直到晚飯后,麗麗把我叫到她房間,關上門,神色有些猶豫。
"爸,我有件事想跟您說。"她的聲音很輕,像是害怕被別人聽見。
"怎么了?"我問,心里突然有種不好的預感。
"您知道我這次照顧您,請了七天假..."她停頓了一下,"公司扣了我5000塊錢的工資,還給了警告。"
我點點頭:"我理解,你別放在心上,爸身體好了,以后會補償你的。"
麗麗抿了抿嘴唇:"爸,我...我想跟您要這5000塊錢。"
我愣住了,一時沒反應過來:"你說什么?"
"我想向您要這5000塊誤工費。"麗麗的聲音更小了,但很堅定。
我感覺血壓一下子升高了:"你是我女兒啊,我生病了你來照顧,這不是應該的嗎?怎么還談錢呢?"
"爸,我知道這話難聽,但我最近手頭真的很緊。房貸、車貸都等著我還,公司扣了這么多工資,我真的很難..."麗麗的眼睛紅了,但語氣依然堅持。
我沉默了。記憶中那個貼心的小棉襖,什么時候變得如此現實?我想起她照顧我時的細心,又想起她半夜打電話時的無奈。

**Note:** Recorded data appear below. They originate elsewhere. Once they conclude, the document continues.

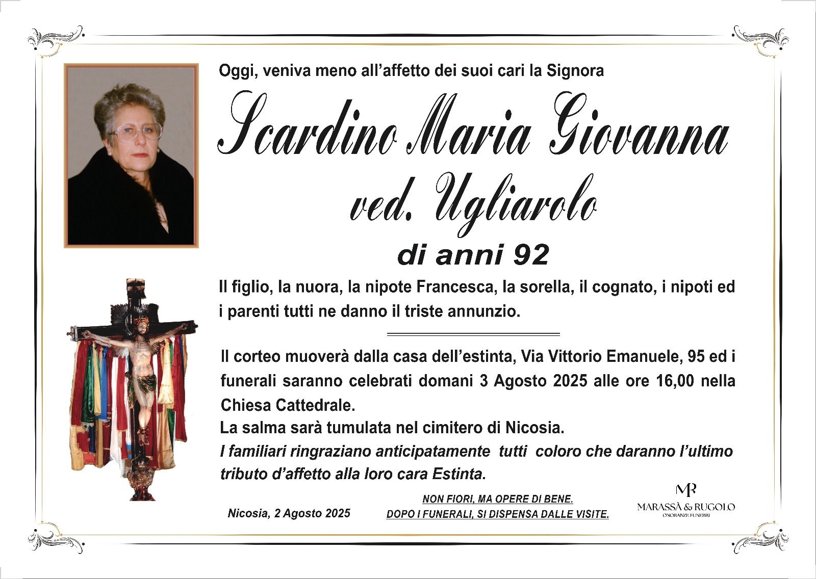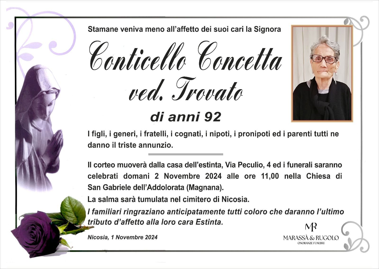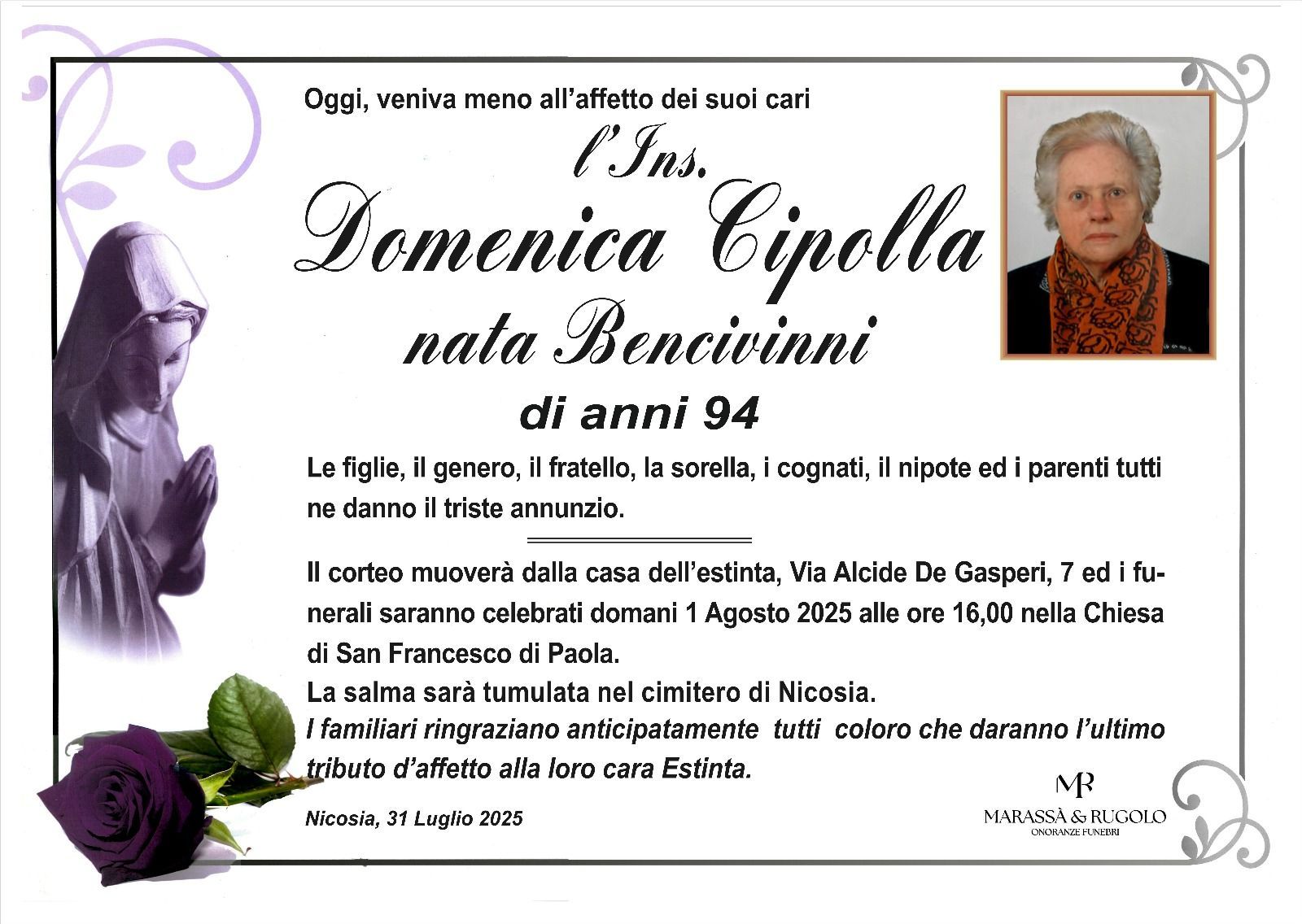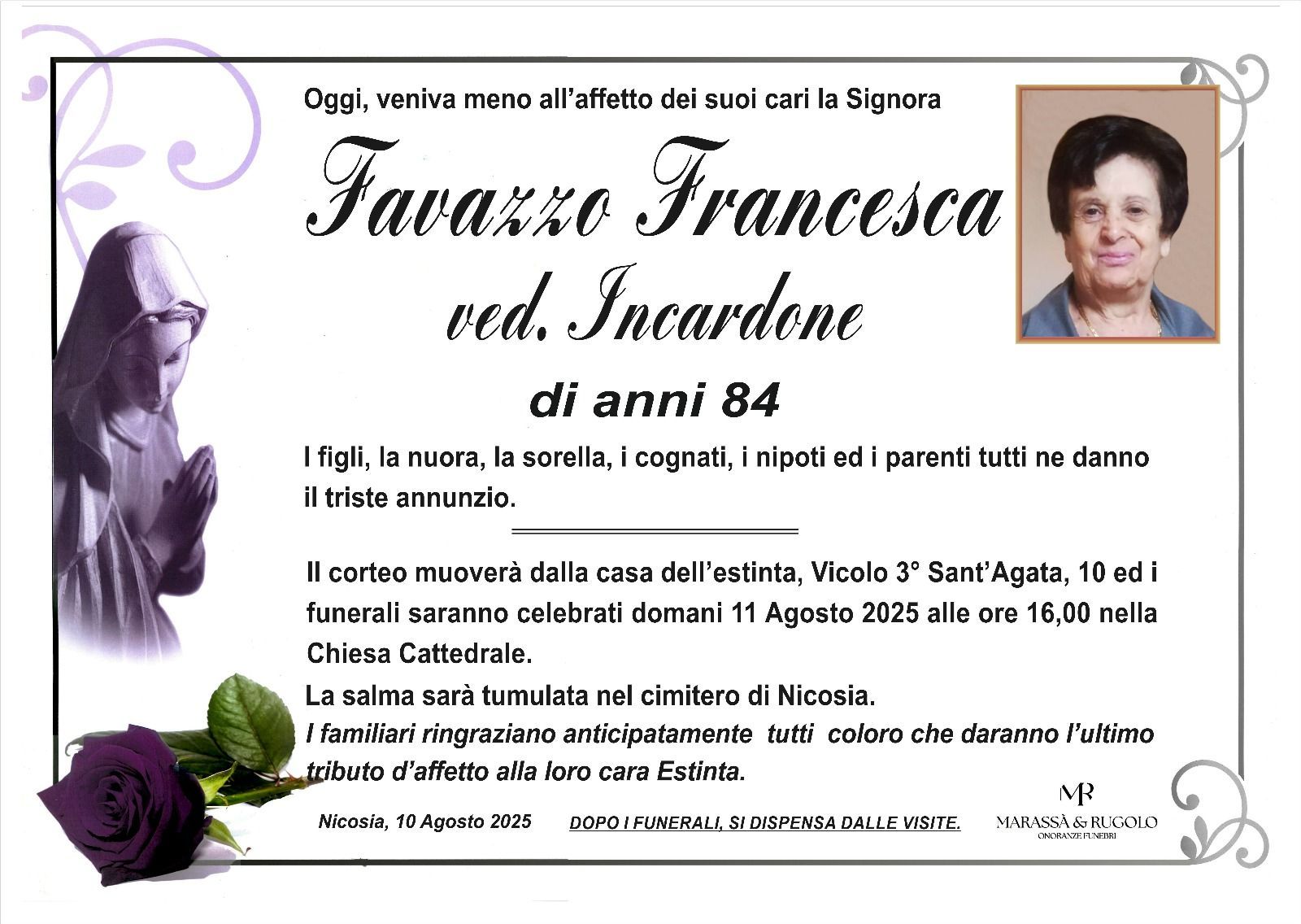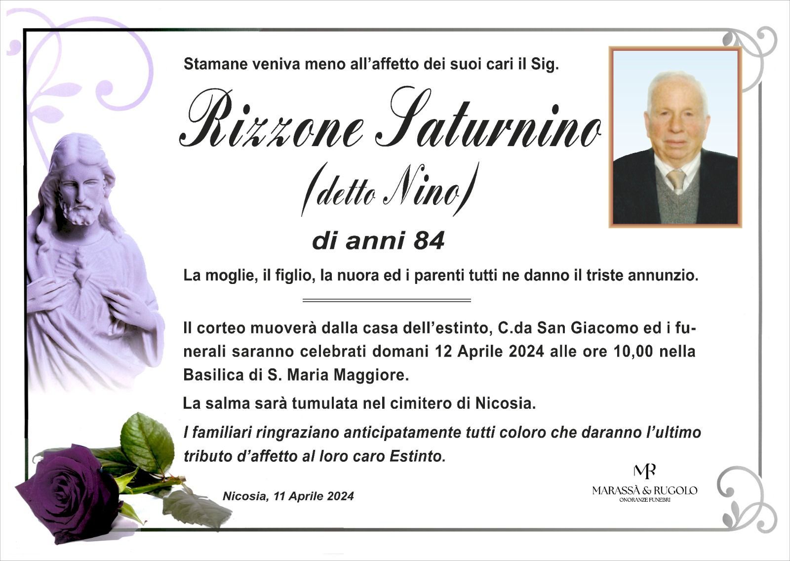 Dal 1980 l'agenzia di ONORANZE FUNEBRI MARASSA' & RUGOLO a Nicosia in provincia di Enna, effettua il disbrigo delle pratiche; trasporto delle salme in Italia e all'estero; realizzazione di articoli funerari; personalizzazione di marmi e graniti per lapidi. Ed ancora: addobbi funebri; allestimento camere ardenti; cremazione; disbrigo pratiche funerarie; pratiche cimiteriali; servizi funebri; servizi funebri completi; sigillatura casse e molto altro ancora.
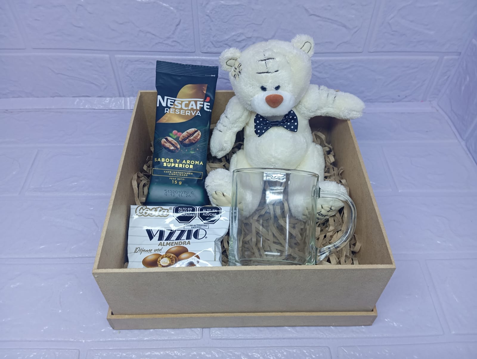 Presentamos nuestro Box Café, una hermosa caja de madera con tapa, cuidadosamente preparada para ofrecer un momento especial con identidad corporativa:
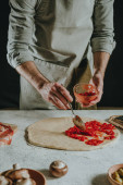 Zbliżenie cukiernik dekorowanie tort urodzinowy przy użyciu jadalnego złotego barwnika i szczotki w studio cukierniczym
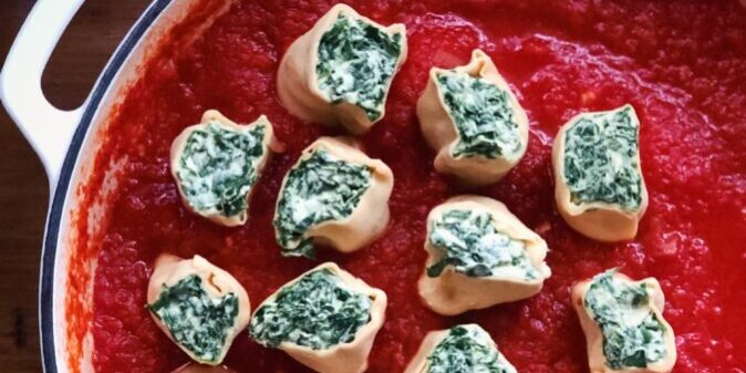 I love to make fresh pasta dough from scratch & roll sheets out using my pasta machine, but shop-bought fresh pasta sheets will work just as well! If you use purchased pasta sheets, just blanch them in a pot of boiling water for 20 seconds and cool a little before using.
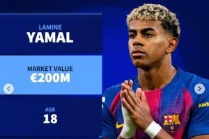 体育资讯11月9日讯 《转会市场》统计了16岁到25岁的各年龄最高身价情况,18岁亚马尔2亿欧居首。
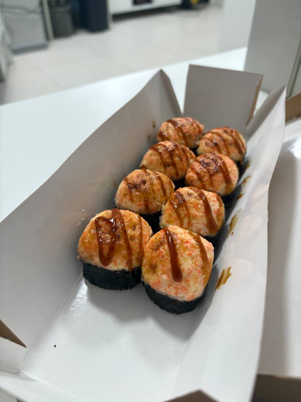 Состав: японский омлет, рис, нори, соус Унаги, кунжут белый

"好,我給你。"最后我嘆了口氣,從抽屜里拿出5000塊錢遞給她。
麗麗接過錢,眼淚終于落了下來:"爸,我不是不孝順,我只是..."
"我明白。"我打斷她,"生活不易,爸爸理解。"
那一刻,我忽然意識到,我們的關系早已悄然改變。她不再是依賴我的小女孩,而是有著自己生活壓力的成年人。而我,也不再是那個能解決一切問題的父親。
送她回去時,我在她包里又偷偷塞了2000塊錢。老伴問我:"你就這么慣著她?"
我笑了笑:"孩子有難處,幫一把怎么了?再說了,養兒防老這話,本來就是過去的想法了。現在的年輕人,有自己的生活,有自己的難處啊。"
窗外,秋風卷著幾片黃葉飄過。我知道,這不僅僅是5000塊錢的事,而是時代變遷中,親情關系的一次重新定位。